Avec en moyenne 200 nouvelles admissions par jour, cette hausse ne doit malgré tout pas être négligée, selon Eugenio Valdano : "Si le virus était le même que l'année dernière, je pense qu'on peut affirmer que la couverture vaccinale actuelle serait déjà très satisfaisante pour avoir un effet fort sur les hospitalisations, estime le chercheur de l'Inserm. Mais le variant Delta étant beaucoup plus transmissible que la souche originelle, il semble qu'il faille encore vacciner beaucoup."
Cela ne signifie pas pour autant que la vaccination n'a pas d'effet sur la pandémie en France. L'étude menée par le ministère de la Santé sur les cas positifs du 28 juin au 4 juillet soulignait que seules 6% des personnes testées positives étaient totalement vaccinées (un résultat logique puisque les vaccins ne sont pas efficaces à 100%). Ces chiffres sont malgré tout à prendre avec précaution car les personnes vaccinées sont moins enclines à se faire tester, comme nous vous l'expliquions dans cet article.

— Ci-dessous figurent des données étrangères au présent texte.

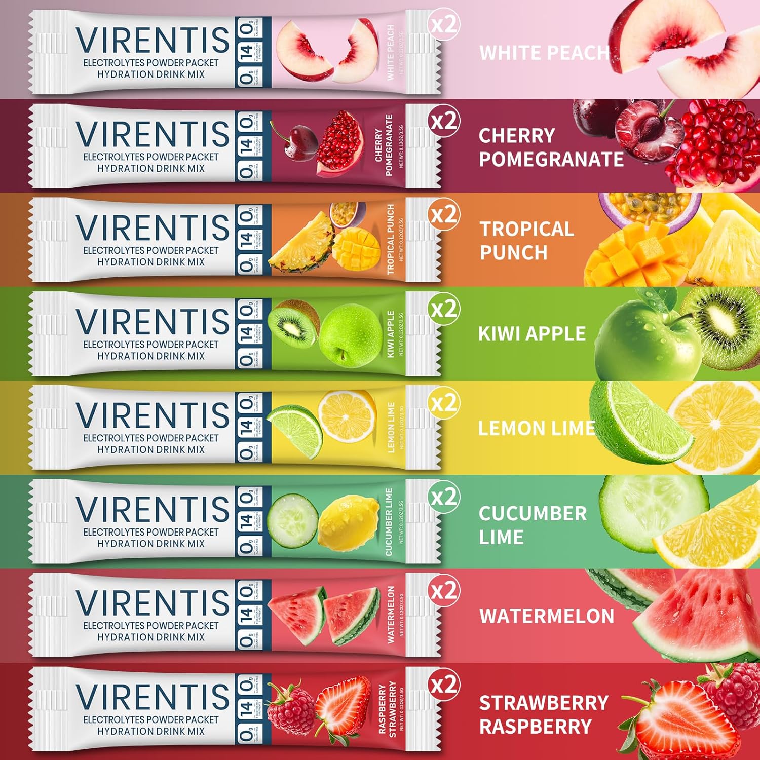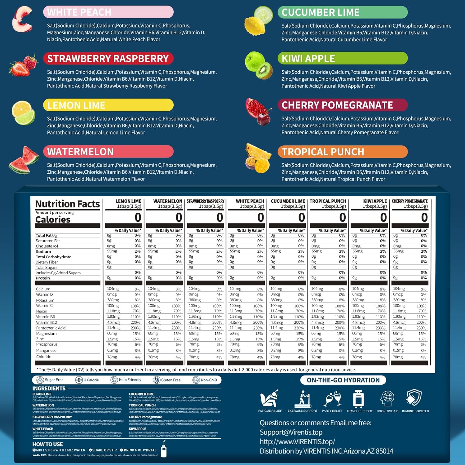 8 REFRESHING FRUIT FLAVORS: Say goodbye to boring hydration. This variety pack includes 16 portable sticks featuring 8 delicious fruit flavors: Lemon Lime, Watermelon, Raspberry Strawberry, White Peach, Cucumber Lime, Kiwi Apple, Cherry Pomegranate, and Tropical Punch. The taste is refreshing and light without being overly sweet or salty.

"Les semaines qui viennent vont être critiques pour déterminer à quoi va ressembler cette quatrième vague, résume Eugenio Valdano, car la reprise des cas est trop récente pour avoir des certitudes." Le chercheur à l'Inserm se montre cependant assez peu optimiste, estimant que "même si le vaccin peut aider à baisser l'impact de la vague, on n'a pas atteint le niveau qui empêcherait les hospitalisations de croître". Une crainte que semble partager le ministre de la Santé, Olivier Véran, qui estimait mercredi 21 juillet à l'Assemblée nationale que "toutes les modélisations sont concordantes : elles prévoient un pic épidémique à la fin de l'été qui viendrait encombrer nos services hospitaliers si rien n'est fait".